Fascicular VT is characterized by a relatively narrow QRS duration (127 ± 11 milliseconds) and short RS interval (the duration from the beginning of the QRS to the nadir of the S wave) in the precordial leads (60–80 milliseconds). The shorter QRS duration reflects the proximal exit of fascicular VTs from the His-Purkinje system. Additionally, during fascicular VT, the interventricular septum is activated early with a left-to-right direction, resulting in initial “r” waves in lead V ₁ and small “q” waves in leads I and aVL (similar to classic RBBB pattern). Also, the rapid activation of the LV via the Purkinje system results in unopposed late activation of the RV outflow tract (RVOT), leading to a large R′ amplitude in lead V ₁ (and r < R′).

The VT rate is approximately 150 to 200 beats/min (range, 120–250 beats/min). Alternans in the TCL is frequently noted; otherwise, the VT rate is stable.

According to the fascicular territory involved and, consequently, the QRS morphology, fascicular VTs are classified into three subtypes: (1) LPF-VT (with the reentrant circuit exit in the inferoposterior septum) exhibits an RBBB configuration and a superior axis (most common form); (2) LAF-VT (with the reentrant circuit exit in the anterolateral wall of the LV) exhibits an RBBB configuration with right axis deviation; and (3) upper septal fascicular VT with a narrow QRS configuration and normal axis or right axis deviation (rare form).

In the most common form (LPF-VT), the QRS during VT typically has RBBB with LAF block configuration ( Fig. 28.3 ). QRS duration and R/S ratio in leads I and V ₆ can potentially predict LPF-VT exit. A proximal exit of LPF-VT is characterized by QRS duration ≤120 milliseconds, R/S ratio ≥1 in lead I, and R/S ratio ≥0.6 in lead V ₆ . A distal exit is characterized by QRS duration ≥135 milliseconds, R/S ratio ≤0.5 in lead I, and R/S ratio ≤0.3 in lead V ₆ . A rare variant of LPF-VT originates from Purkinje arborization around the posterior papillary muscle and is characterized by RBBB configuration and superior right axis deviation or horizontal axis.

LAF-VT is characterized by RBBB morphology and right axis deviation.
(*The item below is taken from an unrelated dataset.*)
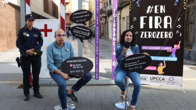 L'Ajuntament d'Onda, a través de les àrees d'Igualtat, Seguretat Ciutadana i Benestar Social, ha presentat aquest matí la campanya #EnFiraZeroZero que persegueix l'objectiu de conscienciar als onders i visitants, especialment entre els joves, sobre la violència de gènere i el consum responsable d'alcohol durant la setmana de festes patronals.Així, el govern municipal ha elaborat material informatiu i promocional que repartirà a les penyes amb la finalitat de sensibilitzar sobre la importància de gaudir d'unes festes lliures de violència i promoure zero consum d'alcohol i tabac entre els menors. Els casals i penyes podran recollir el kit promocional en el Teatre Mònaco el dimecres de 17 a 20 hores i el dijous de 12 a 14 hores i de 17 a 20 hores. Des de l'Ajuntament se'ls animarà que compartisquen en el nou perfil d' instagram de l'àrea d'igualtat fotografies per a visibilitzar la campanya entre el públic jove.Per a això, també es compta amb la col·laboració dels establiments hostalers i la Fonda de la Tapa que compartiran en els seus locals els cartells informatius de la campanya al costat d'altre material promocional.En paral·lel, la Fira tornarà a comptar amb un Punt Violeta, atés per la promotora i agent d'igualtat, per a denunciar agressions sexistes durant els dies de concert en el recinte multiusos així com durant el Dia de Paelles.

A papillary-Purkinje subtype exhibits RBBB configuration and right axis deviation with a deep S wave in leads I, V ₅ , and V ₆ .

Upper septal fascicular VT is characterized by a QRS duration of less than 120 milliseconds and right axis deviation or normal axis (identical to sinus axis) with identical precordial QRS configuration to that during sinus rhythm or RBBB pattern.